Students’ prior research skills experience

It goes without saying that it is important to consider the particular student population for whom the instruction is intended. “Instruction takes students from where they are to where they need to be, from their present state to a desired state of competence”. (Mager, 1990:52). So, to create effective instruction it is necessary to review what students can do at the starting point of the course as well as defining the outcomes or end points.

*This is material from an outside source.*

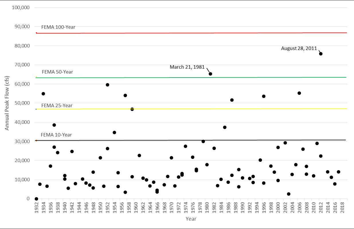 According to data collected at the stream gauge station just upstream of the commercial hamlet area, the Esopus Creek at Coldbrook gauge, there have been a total of 12 flood events that have exceeded the 10-year flood since 1932. Of these 12 floods, nine exceeded the 25-year flood, and two were greater than a 50-year flood event (See Figure 2-2). Boiceville has not experienced a 100-year flood, at least not since 1932.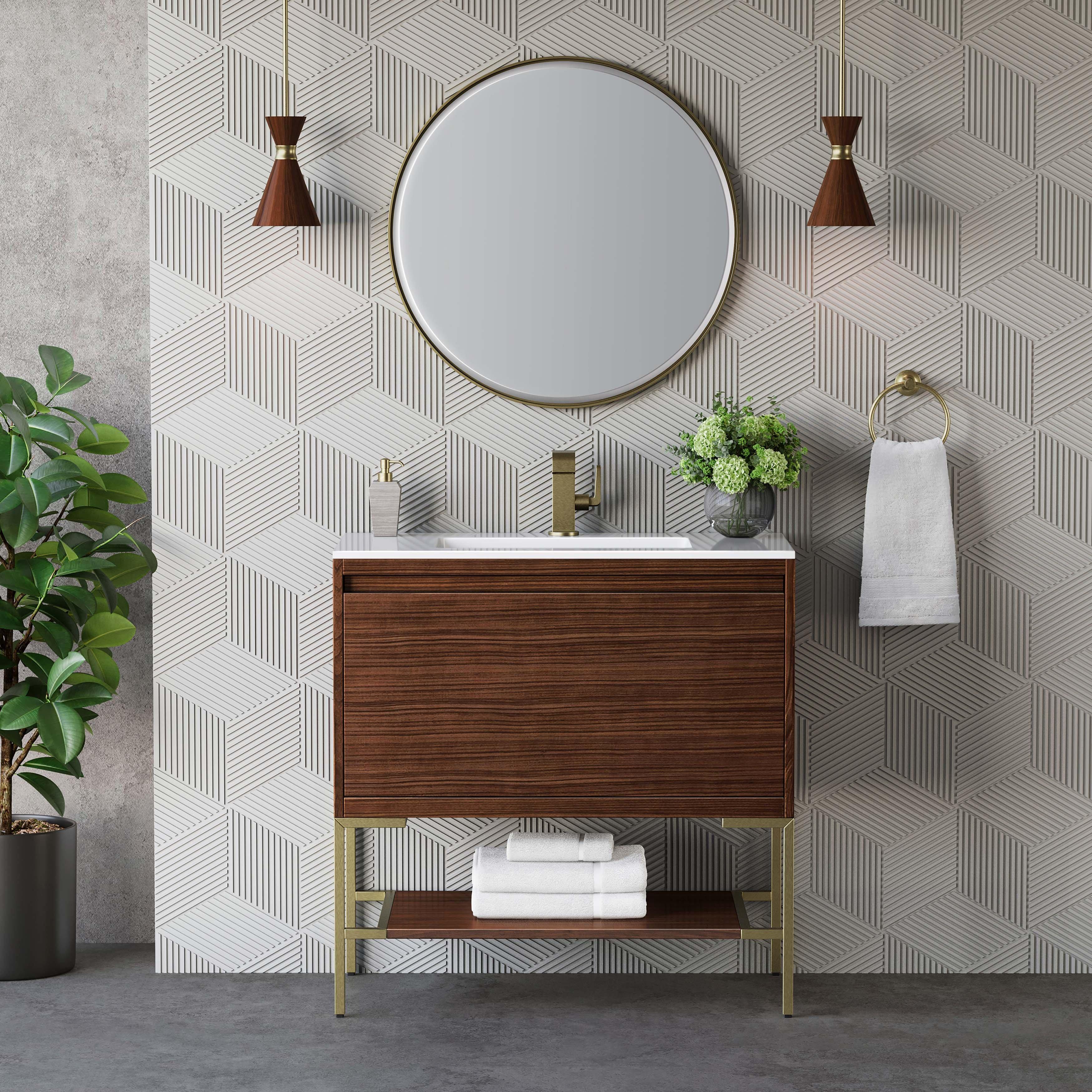 Complete your bathroom with the beautiful Mantova 35.4 in. Brown and Brass Vanity with White Engineered Stone Top. This freestanding features durable solid wood, plywood cabinets in stunning brown with a white manufactured stone vanity top and n/a brass hardware. A charming single integral sink in brilliant white is included. The Mantova 35.4 in. Brown and Brass Vanity with White Engineered Stone Top is a versatile choice to customize multiple bathroom settings.

The limitation of many of the official documents cited in chapter 1 is that they consider only the outcomes of a course of study. Further, they recognise only standard access routes to education and training. In devising learning outcomes recognition must be given to students entering any stage by a non-standard route – students having previous part time study or distance learning experience (which may have been undertaken without any or only very limited use of library/IT facilities. For example, I know that several students following the Bar Vocational Course every year at Cardiff, and probably also at most of the other BVC Providers, had obtained their LLB by distance learning and had never set foot in a law library until the BVC induction). Other examples are those students whose previous tuition has been exclusively in an overseas country (where the sources of research will be different to those in the UK) or students entering a course of study by direct entry to a year other than the first year (as many ERASMUS exchange students do). Finally, some of the official documents are concerned with law taught only as a major element in a programme of study. In many educational institutions law is also taught as a minor part of a degree programme, for example in accountancy, business studies, construction, journalism or social work. In addition, all students bring to their study of law knowledge and skills picked up outside higher education. Of particular relevance to legal research is the ‘Google factor’. This is the commonly held belief that all research can be achieved successfully solely through use of the Web search engine. Tutors need to be aware of and counter such a false belief.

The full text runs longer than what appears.